Single-crystal superalloys are two-phase materials consisting of γ’-cubes, with an ordered L12 crystallographic structure, that are embedded in a disordered face-centered cubic (FCC) γ-matrix. From a fundamental viewpoint, it is of prime importance to characterize the intrinsic properties of these two phases to provide a better understanding of superalloys and guide alloy design. In this context, project B8 of the SFB/TR 103 focuses on single-phase FCC alloys, whose compositions correspond to those of the γ-matrices in superalloys. Such alloys are chemically complex and their chemical complexity is reminiscent of the high and medium entropy alloys (HEAs and MEAs), which have been investigated with the highest intensity during the last decade. For instance, the γ matrix of Ni and Co-based superalloys contains high concentrations of Ni, Co, and Cr and is therefore chemically similar to the ternary CrCoNi MEA, which exhibits outstanding mechanical properties. Each of the constituting elements affects a variety of properties and it is, therefore, a challenge to predict how alloy properties will be influenced by changes in chemical composition. In order to enable further optimization of superalloys, there must be systematic investigations into the influence of individual alloying elements on several aspects. Project B8 serves this purpose by investigating the influence of Co, Ni, Cr, and W, on phase stability, diffusion kinetics, the energy of planar defects, all of which are playing major roles in creep of superalloys.
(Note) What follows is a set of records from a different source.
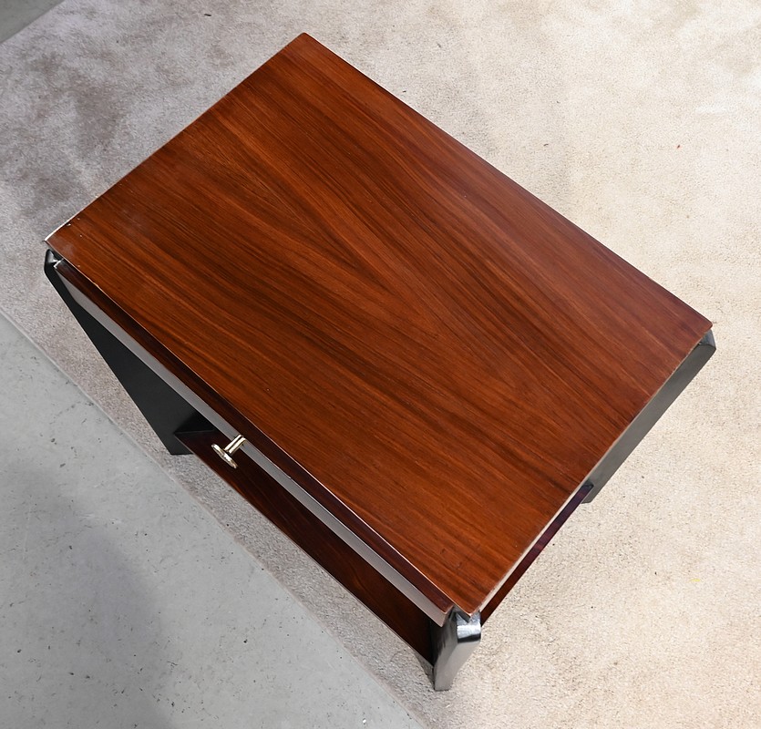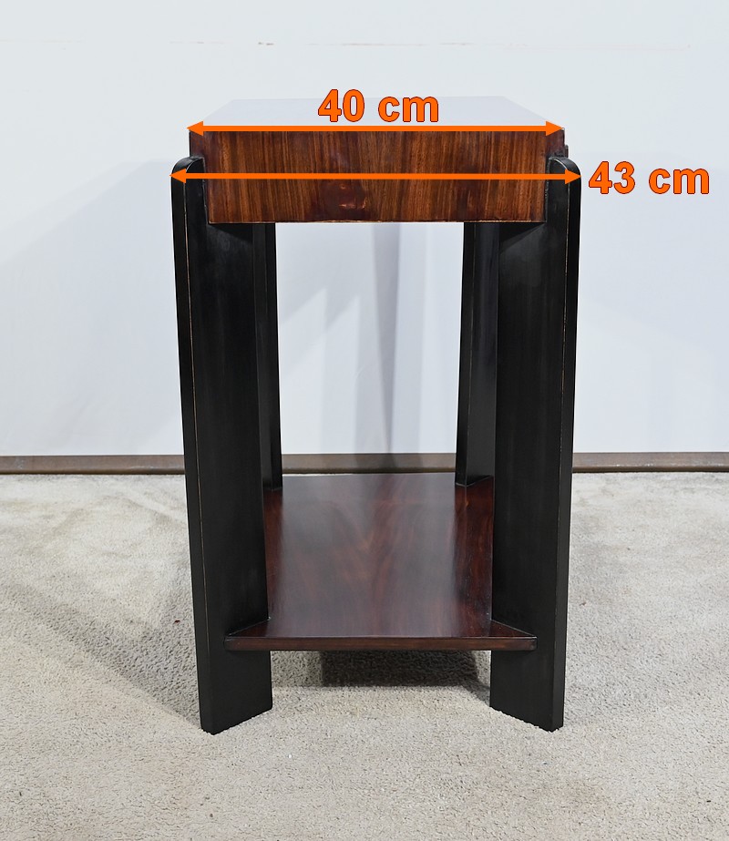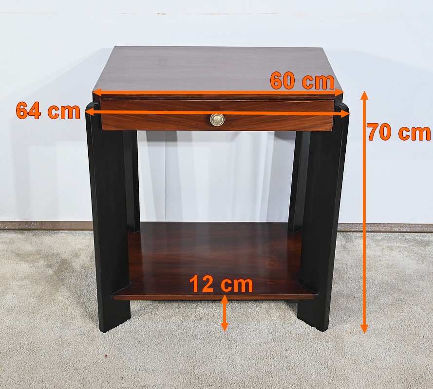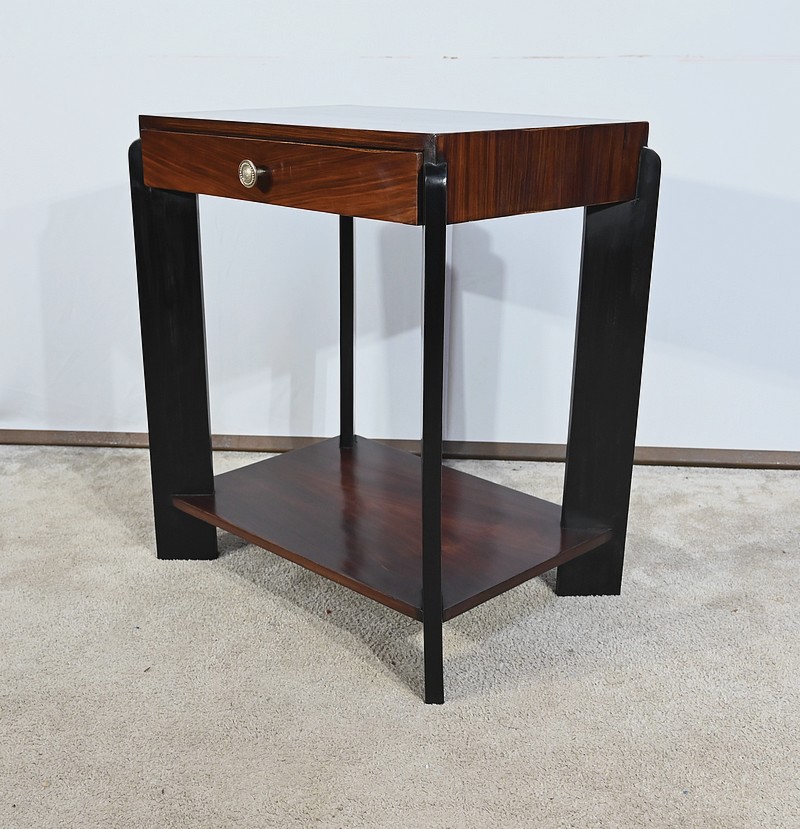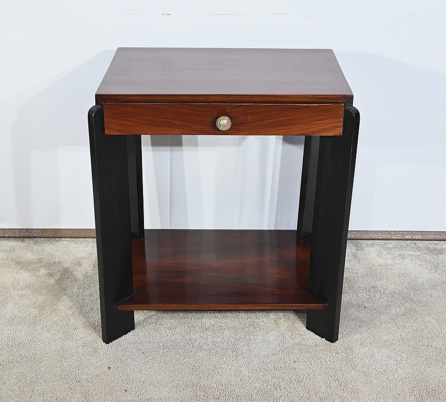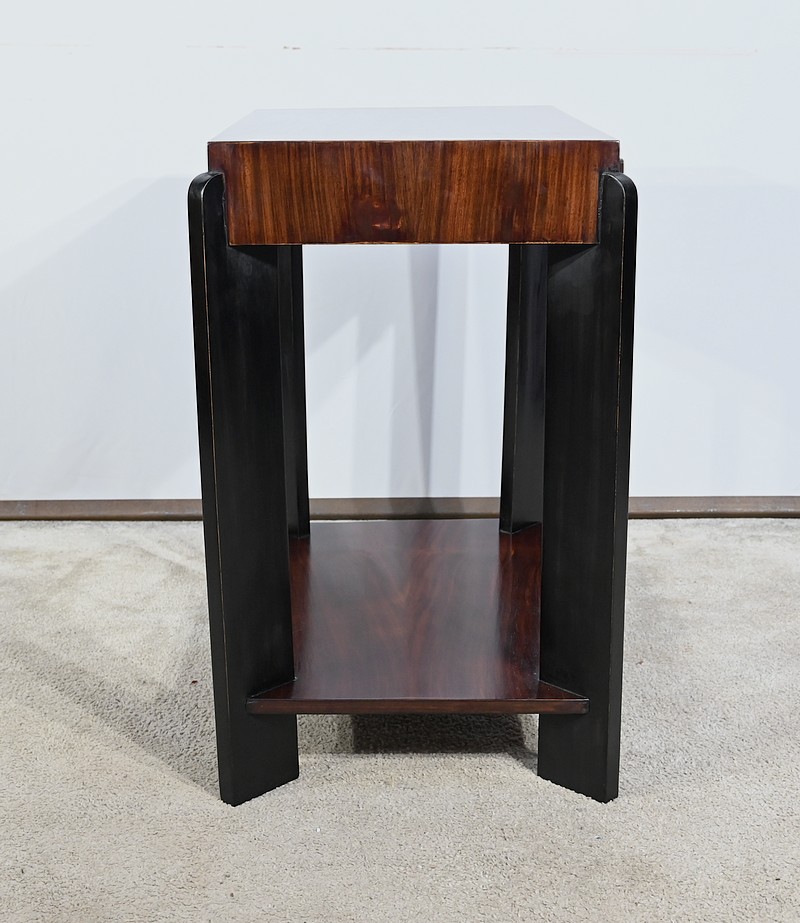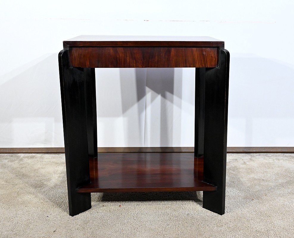 On appréciera les lignes Art Déco de cette petite table, associées à des pieds de section rectangulaire originaux. Elle forme un ensemble harmonieux et facilement adaptable aux différentes pièces de votre intérieur.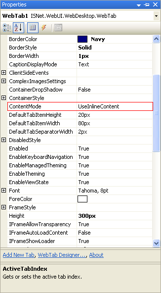 For example, In the WebTab object's property, we set the ContentMode into "InlineContent", which means by default, all of the Tab Items in the collection will have "InlineContent" as the default ContentMode. You can still configure each individual TabItem from the designer (WebTab Designer).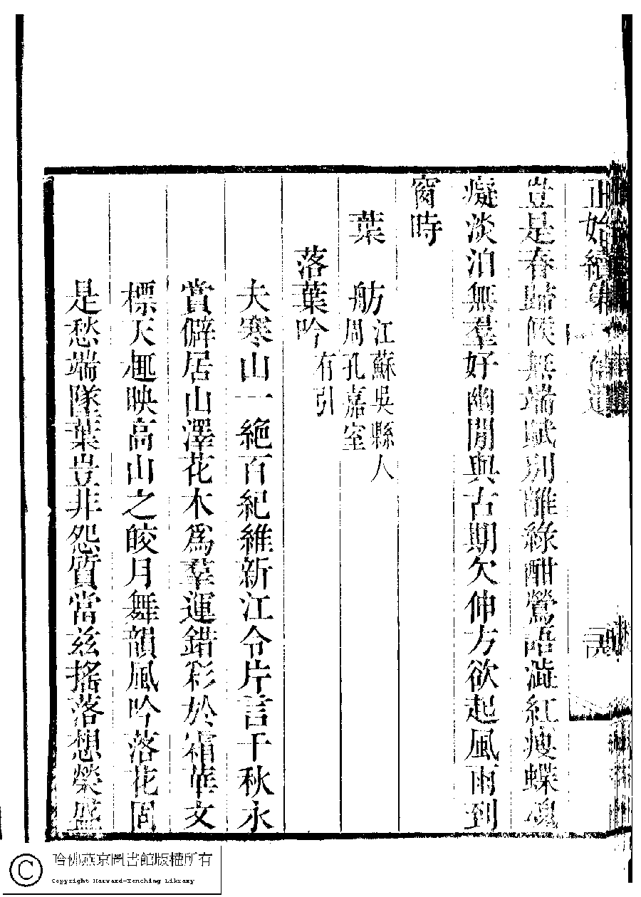 | 原書: 國朝閨秀正始續集﹕十卷﹐附錄﹕一卷﹐補遺﹕一卷﹐輓詞﹕一卷(清惲珠輯) |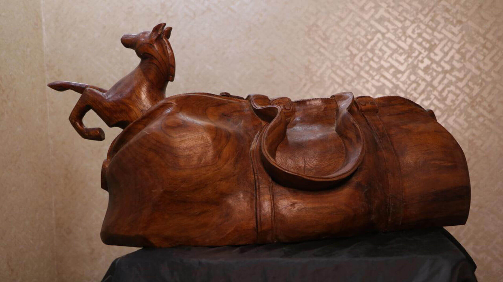 Prodigal Son rises from reclaimed wood’s raw memory, where a spirited horse — prodigal archetype of rebellion and return — leaps boldly from the duffel’s embrace. Untethered yet rooted, its rearing form defies confinement, embodying the soul’s odyssey: departure, reckoning, homecoming. In this intuitive carve, I honor resilience, the wild heart’s circuitous path to wholeness.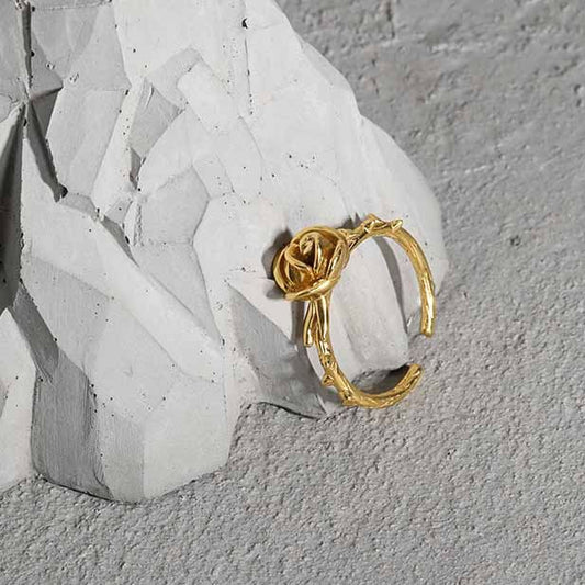 Beautiful Hollow Rose Flower 925 Sterling Silver Adjustable Ring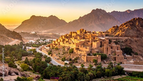 Obraz premium Ancient City nestled in Mountain Valley at Sunrise.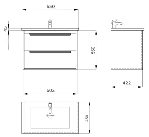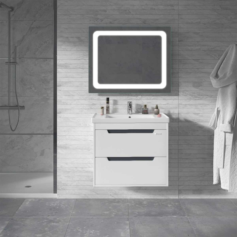 Тумба для ванної з умивальником 65 Idea Greta Air Sanwerk чудово доповнить інтер’єр ванної кімнати і допоможе раціонально використовувати простір під раковиною і покращує естетичний вигляд в цілому. Тумба комплектується керамічним умивальником «Idea 2.0», виробник «Kale Seramik», Туреччина, товщина умивальника - 45 мм, глибина - 135 мм. Стильна тумба має дві висувні шухляди, що дозволяє зберігати різну побутову хімію і господарські дрібниці. Корпус і фасади виготовлені з високоякісного МДФ товщиною 16 мм і пофарбовані фарбою італійського виробництва Sayerlack "білого" кольору з контрастними вставки кольору "темно-сірий графіт". Характерними особливостями меблів є фасади заглиблені в боковини, замість традиційних ручок для відкривання використовуються виїмки в фасаді, декоровані з внутрішньої сторони контрастною планкою, практичний сірий колір всередині шухляд, підвісний монтаж - кріплення до стіни Camar (Італія), фурнітура високої якості Blum (Австрія) , що забезпечує плавне, м’яке закриття і довгу, надійну роботу всіх рухомих частин. Меблі Greta Air Sanwerk чудово впишуться в більшість інтер’єрів і всюди будуть виглядати органічно і сучасно.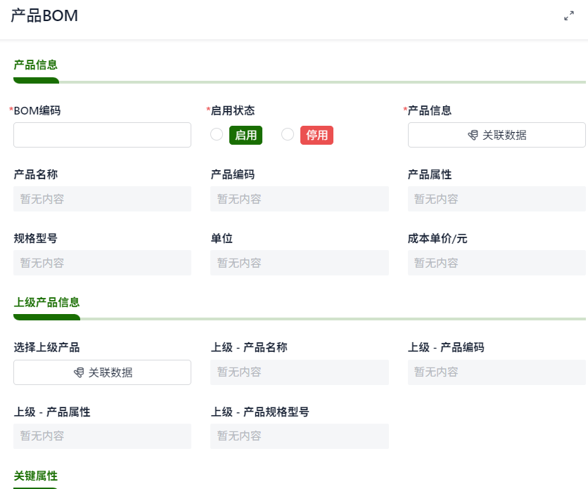 BOM(物料清单)是描述产品所需原材料、零部件及其相互关系的重要工具。在ERP系统中,BOM通常是分层次的,支持一、二、三级等不同层级的BOM。每个层级的BOM都需要记录物料的名称、数量、单位等信息。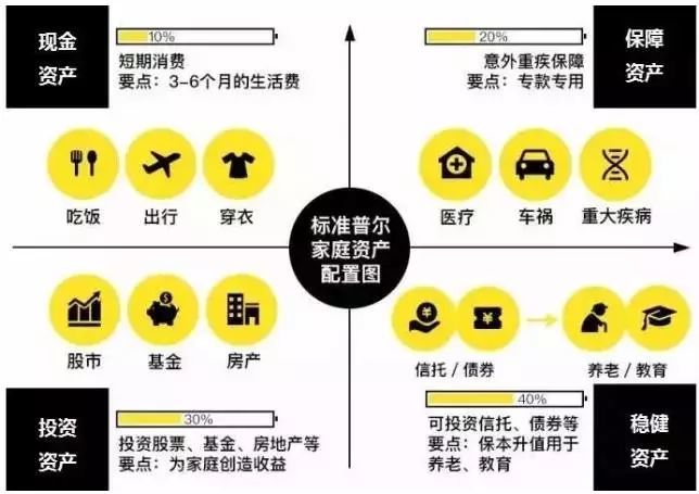 这个图是标准普尔(全球最具影响力的信用评级机构)调研全球十万个资产稳健增长的家庭,分析总结出他们的家庭理财方式,是世界上公认的最科学、稳健的资产分配方式。
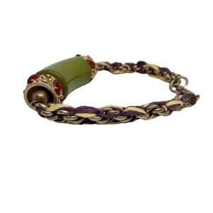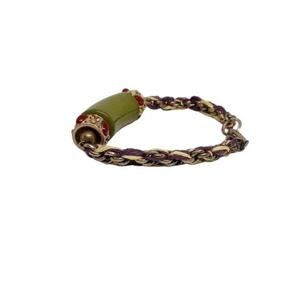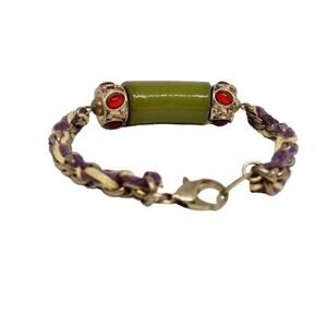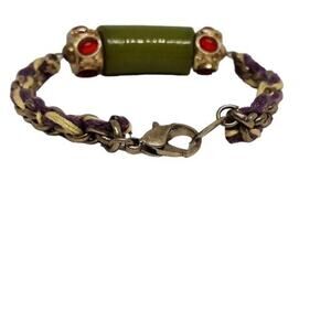 Anthropologie Green Stone Bracelet Chain Red inset Accent New with tags Clean sm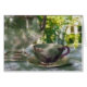 Uma pintura encantadora. Hora do chá no jardim. Uma xícara de chá se senta ao lado de um bule de chá prateado em uma toalha de mesa. A sombra pregada de uma árvore próxima a torna convidativa. Um cartão perfeito para qualquer ocasião. A pintura original é de apenas 7" x 5"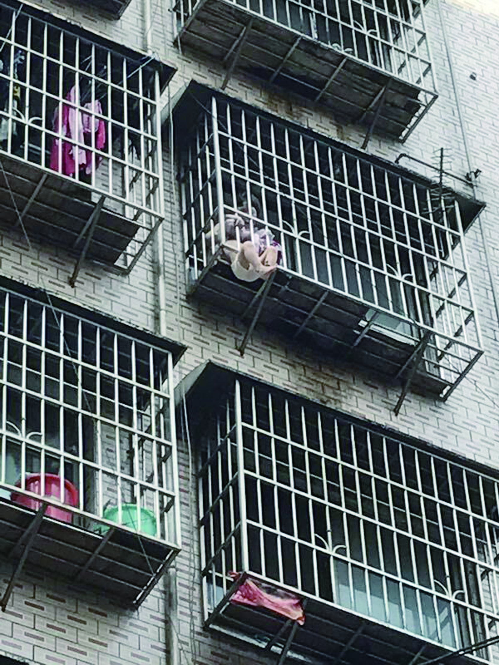 ◀4岁女孩琪琪卡在防盗网间隙中,母亲拼死拉住她 邓先生 供图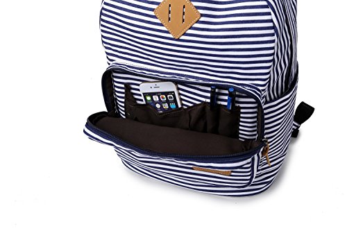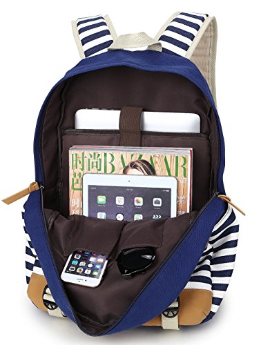 Studio : wesell Publisher : wesell Binding : Personal Computers Product Description Products Features: 1. Closed type: zipper. it's very convenient to open and close, easy to get what you need. 2. Popular elements: classical striped. 3.Approx Dimensions:45*29*17 cm (17.7*11.4*6.7 inch). 4.Suitable for girls and boys for school study, camping, hiking, picnic, climbing; Can be used as school bags, travel bag, daypack, casual rucksack. You can put A4 books, 14" laptop, ipad, glasses, wallet, keys, earphone, power bank, cell phone and document in the bag. 5.This sturdy canvas backpack has padded straps for comfort, padded cushion protection for laptop or tablet and padded cushion to protect your back when you carry something heavy.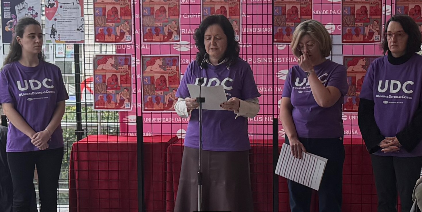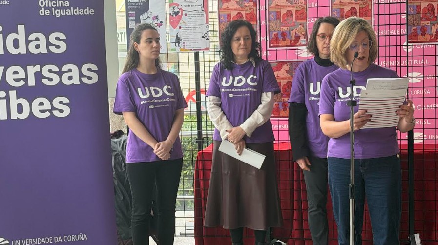 Logo da lectura do manifesto, a subdirectora da Oficina de Igualdade da UDC, María José Abad, deu conta da avaliación intermedia do III Plan de Igualdade da universidade, correspondente ao primeiro bienio do mesmo, así como dos retos pendentes para os próximos dous anos, destacando os logros en gobernanza e na prevención de violencias machistas.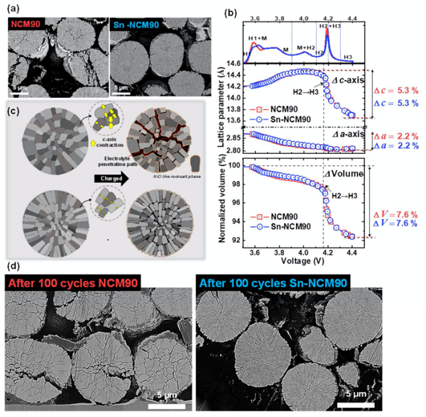 (a)充分充电的NCM90和Sn-NCM90在4.4 V和第一个周期的横断面SEM图像;(b) NCM90和Sn-NCM90的晶格参数与截止电压的关系;(c) NCM90和Sn-NCM90一次粒子的微裂纹特征示意图;(d) NCM90和Sn-NCM90在2.7 ~4.4 V(放电状态)循环100次后的横断面扫描电镜图像。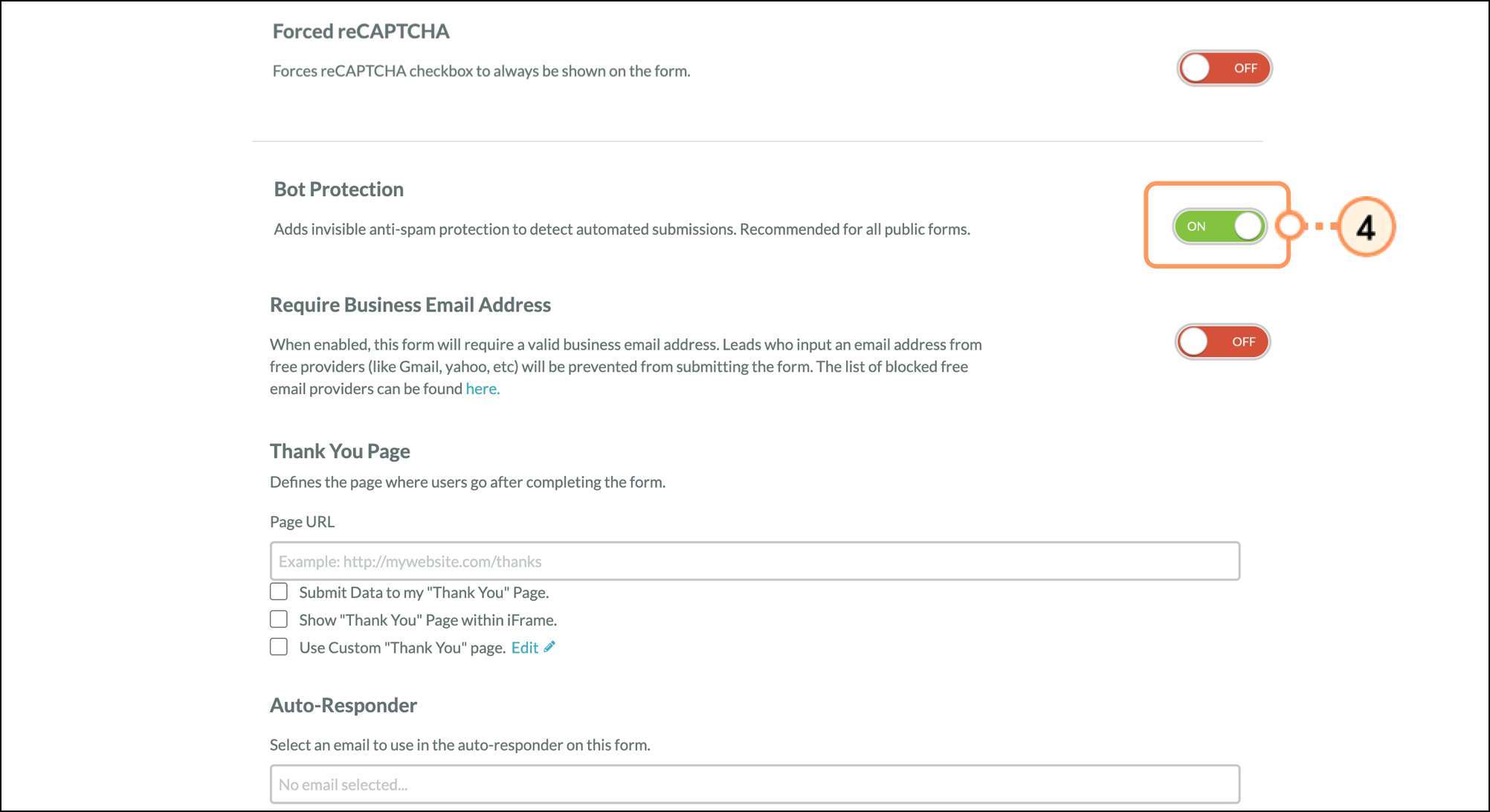 The Bot Protection feature operates silently in the background, helping to keep your forms clean.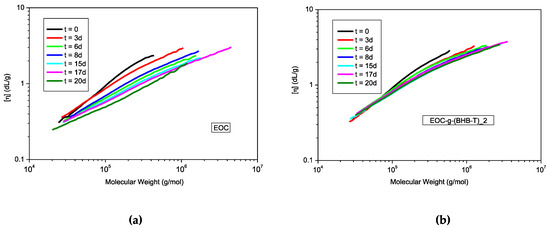 Mark-Houwink-Sakurada (MHS) plot before and during photo-oxidation of EOC (a) and EOC-g-(BHB-T)_2 (b).

In the following, a few ongoing activities are presented. The γ-matrix of a Co-based superalloy developed at the Friedrich-Alexander-Universität Erlangen-Nürnberg (FAU) was selected and its composition was simplified to obtain a quaternary (Cr, Co, Ni, W) alloy. From this reference γ-matrix, four additional alloys were designed in which the concentration of one of the four elements was reduced by 5 at. % and balanced by increasing the concentrations of the three other elements and keeping the atomic ratios between them constant. These alloys were vacuum induction melted, homogenized and rotary swaged to produce rods. The cold-worked alloys were subsequently annealed for 1000 h in evacuated silica tubes to investigate their stability. In particular, it was found that all the alloys become single-phase FCC above 800 °C. Based on this knowledge, diffusion experiments are planned to determine how diffusion kinetics is affected by different chemical environments. For this purpose, the four modified quaternary alloys were assembled in diffusion multiples containing six distinct pseudo-binary diffusion couples, and these will be encapsulated into vacuumed silica tubes and annealed for 100 h between 900 °C and 1200 °C. The resulting chemical diffusion profiles will be investigated by electron dispersive X-ray spectroscopy and compared with different modelling approaches.